The E2F family of transcription factors regulates cell cycle progression in part through the activation of genes important for G1 to S phase cell cycle transition.1-3
Ectopic expression of E2F proteins induce quiescent cells to enter the cell cycle, consistent with their ability to promote expression of genes required for proliferation.4
E2F regulated genes include cyclins, cyclin-dependent kinases, components of the pre-replication complex such as Mcms and Orc6, and DNA synthesis genes like DNA polymerase, topoisomerases, dihydrofolate reductase (DHFR) and thymidylate synthase (TS).

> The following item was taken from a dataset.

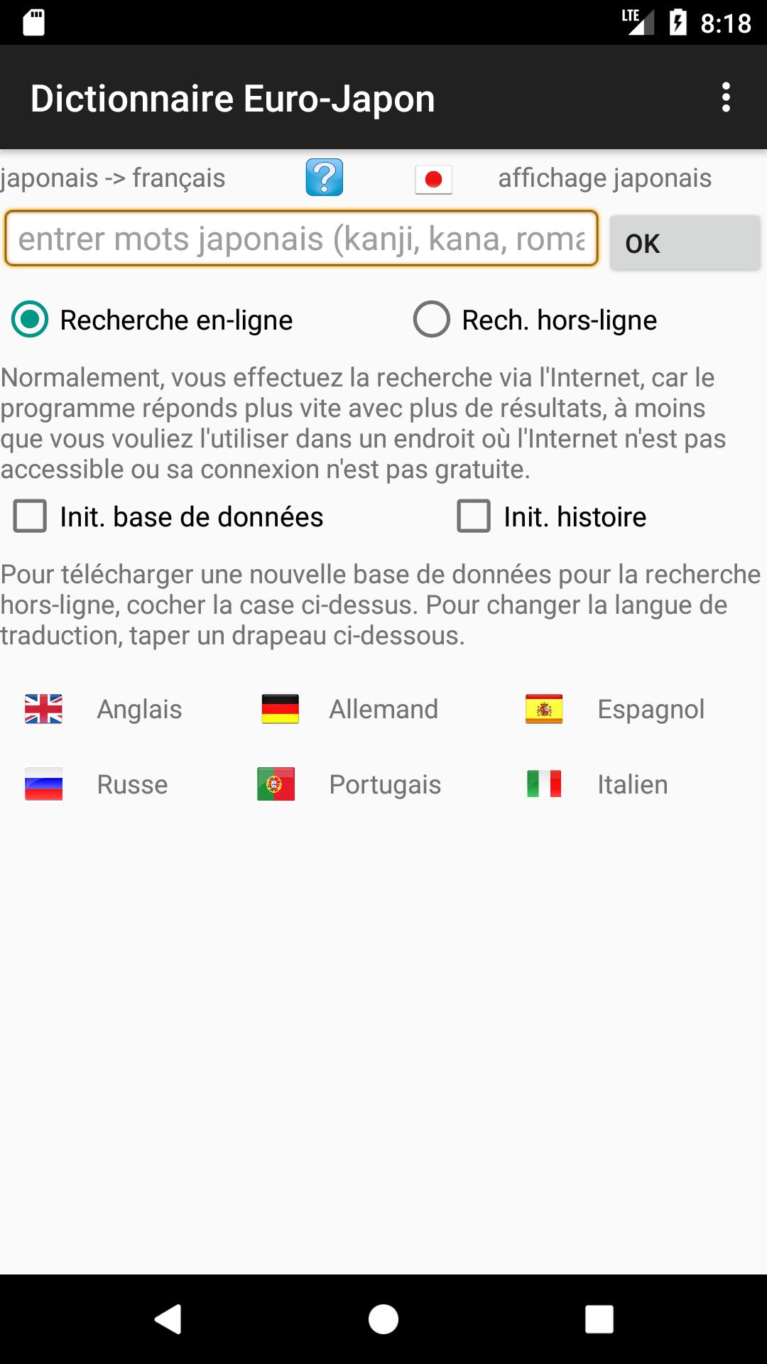 Euro-Japan dictionary is a Japanese dictionary which supports not only 7 major European languages: English, French, German, Spanish, Italian, Russian and Portuguese, but also 2 search modes: online or offline search. The latter is useful when the internet is not available or its connection is not free. Supported input methods are Kanji, Kana and Romaji in Japanese. By purchasing “Euro-Japan Gold” you can freely choose among 7 translation languages (i.e. you can translate Japanese to English, French, German, Spanish, Italian, Russian or Portuguese and vice-versa at will), otherwise you are limited to a local language recorded on your mobile. The default translation in North America, UK and Japan are English, French in France, German in Germany, Italian in Italy, Russian in Russia, Spanish in Spain and South America etc. If this language choice doesn't fit for a free version user, you are advised to modify the display language by launching “Settings” from home screen. You may also grasp the power of this application via a web version at docoja.com because it handles the same database by the same algorithm in online mode.

Recent work has identified the E2F1 protein as a key component of this process of gene control, and likely the key E2F activity for triggering the transition from quiescence to a proliferative state. Indeed, inhibition of E2F1 activity blocks cell cycle entry but does not affect continuing cell cycles.5, 6
Moreover, E2F1, together with Myc, has been shown to be necessary for activation of the E2F program following the stimulation of cell growth.7
The activity of E2F1 is regulated at several levels. First, E2F1, which is absent in quiescent cells, is transcriptionally induced in late G1 following mitogenic stimulation.8, 9
Second, the activity of E2F proteins can be negatively regulated in part through the association of “pocket proteins” like pRb, p107 and p130. These interactions down-regulate E2F transcription by directly blocking the transactivation domain and also by recruiting histone deacetylase complexes to modify chromatin and actively repress transcription.10
Cyclin/Cdk phosphorylation of pocket proteins following mitogenic stimulation reduces their E2F binding affinity, releasing “free” E2F to transcribe proliferative target genes.11
CDK4, cyclin D, and p16, a cyclin/CDK inhibitor, are frequently mutated or deregulated in human cancer, and these mutations have the effect of hyperphosphorylating pRb.12
Tumor promoting viruses like SV40, adeno- and papillomavirus, express proteins capable of promoting E2F dependent proliferation through binding and disruption of Rb inhibition of E2F function.13
Furthermore, mutant alleles of Rb isolated from various tumors are unable to bind E2F, suggesting an important role of this interaction in suppressing tumorigenesis.14
E2Fs clearly are key regulators of cell cycle progression during normal growth stimulation and also in human cancer where function of the RB gene, or upstream regulatory components like Cyclin/Cdks and Cdk inhibitors, has been lost through mutation.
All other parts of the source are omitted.